At the Fondation Henri Cartier-Bresson in Paris, photographer Vasantha Yogananthan presents Mystery Street, the fruit of a three-month residency in Louisiana. Children’s games, heat, idleness: by capturing the moment, his images focus on movements typical of an age when everything changes.

It’s an exhibition at a child’s eye level, a eulogy to movement, to the moment, to what photographer Vasantha Yogananthan calls “impermanence.” On view until September 3 at the Fondation Henri Cartier-Bresson in Paris, Mystery Street retraces the artist’s peregrinations around New Orleans, where he took up residence for three months as part of a support program run by the Fondation d’entreprise Hermès.

The result is an uncluttered work, attentive to detail, color, and facial expression: a reflection in a puddle by the curbside; a tree leaf being pushed through a loop in a wire fence; fingers running through the hair to comb it back; or a plump hand embracing a playmate or a brother. The work focuses on the here-and-now: the emotion that floods the face for a second, the fleeting shadow that briefly clouds the gaze.  

This isn’t the first time this French photographer has taken an interest in preadolescence—an age when everything changes so quickly. Ten years ago, one of his first series, Piémanson, shot on a Camargue beach, recounted these evanescent moments just as the moment, barely captured, had already passed. In contrast to this transience, Yogananthan takes his time in this series. He often travels several times to the same location, and several years separate his different projects. He obeys the temporality of analogue film: this technical aesthetic process implies slowness, a delay in unveiling. It also implies immersion: in order to get up close to his subjects and gain their acceptance, the photographer has to blend into the background, avoid sudden movements. He must disappear. 

© Vasantha Yogananthan
© Vasantha Yogananthan

So why Louisiana? Because there “the child becomes a living metaphor for the body of the city,” write exhibition curators Agnès Sire and Clément Chéroux. In a land still traumatized by Hurricane Katrina of 2005, the notions of the ephemeral and the transitory do not have the same meaning as elsewhere. What’s more, the city now faces the threat of the rising sea levels due to global warming, and people are acutely aware of their own lack of stability, their fragility, and “impermanence.” A new generation is growing up in this half-ruined environment, ever in danger of total destruction: the children’s games are both more serious and more triumphant than ever. 

Yogananthan came without any set expectations: he is not one of those who try to fit their photos into a preconceived idea of reality. For him, the camera is a learning, rather than assertive, tool. Winning the children’s trust meant letting his guard down, accepting that he too was unstable, uncertain, and constantly experimenting. He pays homage to this relationship: his young partners in adventure are named at the entrance to the exhibition; this is the only information available, since no captions accompany the photographs.

© Vasantha Yogananthan
© Vasantha Yogananthan

The strength of this humble body of work lies undoubtedly in its discretion: Yogananthan avoids the spectacular. Fans of dramatic poses, staging, and other tricks of the trade are advised to give it a miss. His photos shine with a different, more toned-down, delicate brilliance. But the color is omnipresent: vivid patterns spun into a blur on a carrousel; a pair of denim in garish orange; the yellow of a freshly painted fence; the hula-hoops; a flowerbed against a car with gleaming metal handles…

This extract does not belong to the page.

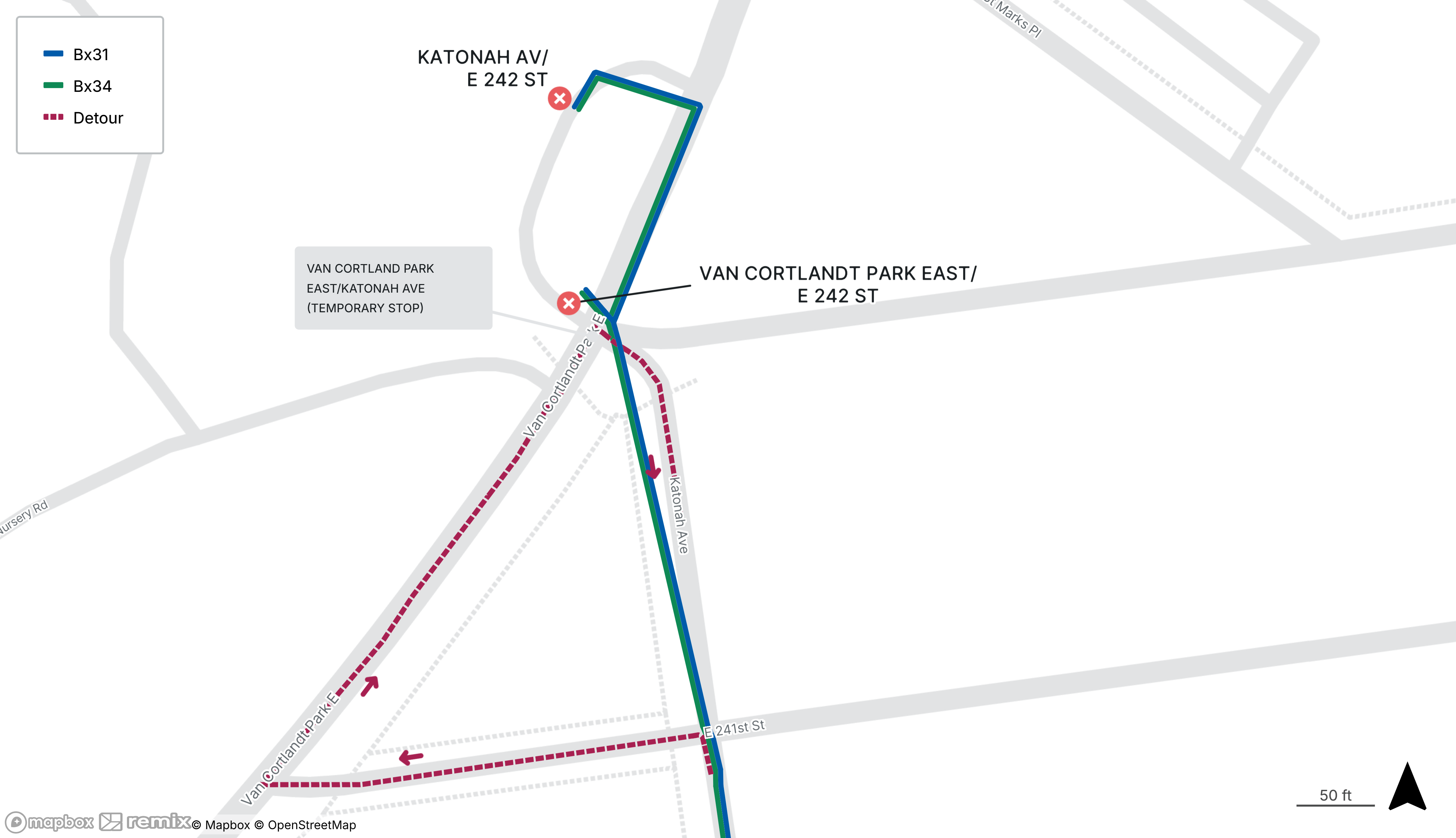 Bx31 and Bx34 stops on Katonah Ave at E 242nd St and Van Cortlandt Park East at E 242nd St will be closed

Mystery Street teases out the exceptional out of the everyday, the extraordinary out of the banal, in games ever repeated and constantly reinvented. Yogananthan’s work never idealizes anything: faces are sometimes cut off by extremely tight shots, scenes are blurred, unflattering low-angle shots are used, there is dripping sweat, grimaces, and gazes lost in the distance… But what emerges from these scenes is the beauty of an age when the self develops in the collective, with and through the other, as in a mirror image; an age when one has the formative experience of otherness. Because of, and despite, having nothing better to do. 

Vasantha Yogananthan, « Mystery Street », Fondation Henri Cartier-Bresson, 79 rue des Archives, 75003, Paris, France, until September 3.